_Data_:
☆ ☆ ☆
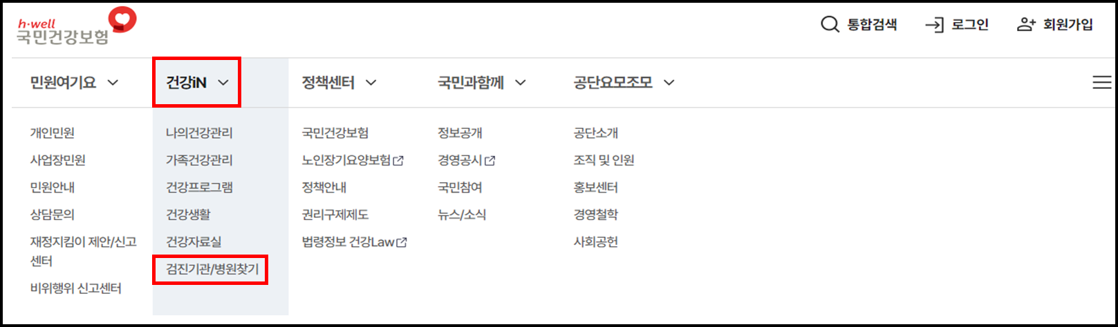① 국민건강보험공단에 접속하여 상단에 위치한 [건강 iN]을 클릭한 뒤, [검진기관/병원 찾기]를 선택합니다.
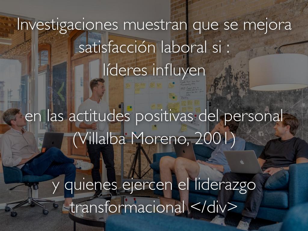 Investigaciones muestran que se mejora satisfacción laboral si : líderes influyen
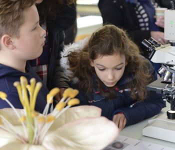Wie auf einer Messe konnten die Gäste die verschiedenen Räume abklappern und überall mal reinschnuppern, sei es in der Physik, wo bei verschiedensten Versuchen selber Hand angelegt werden durfte, oder im Computerraum, wo der Erdkunde-LK die Viertklässler per Google Earth mit auf eine Reise rund um den Globus nahm.
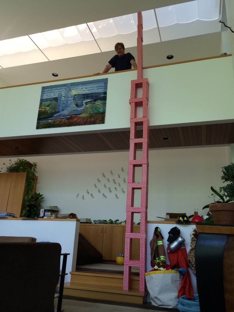 But our play was different. We had to build something. We had to have a goal. Our goal was to build the BIGGEST tower. So, we built a HUGE tower! We used every cardboard block. It almost touched the ceiling, nearly twenty feet above.
☆ ☆ ☆
What is needed is an exact copy of each line from the top of the data above through the line containing "Investigaciones muestran que", with no pictures.

_Exercise output_:
① 국민건강보험공단에 접속하여 상단에 위치한 [건강 iN]을 클릭한 뒤, [검진기관/병원 찾기]를 선택합니다.
 Investigaciones muestran que se mejora satisfacción laboral si : líderes influyen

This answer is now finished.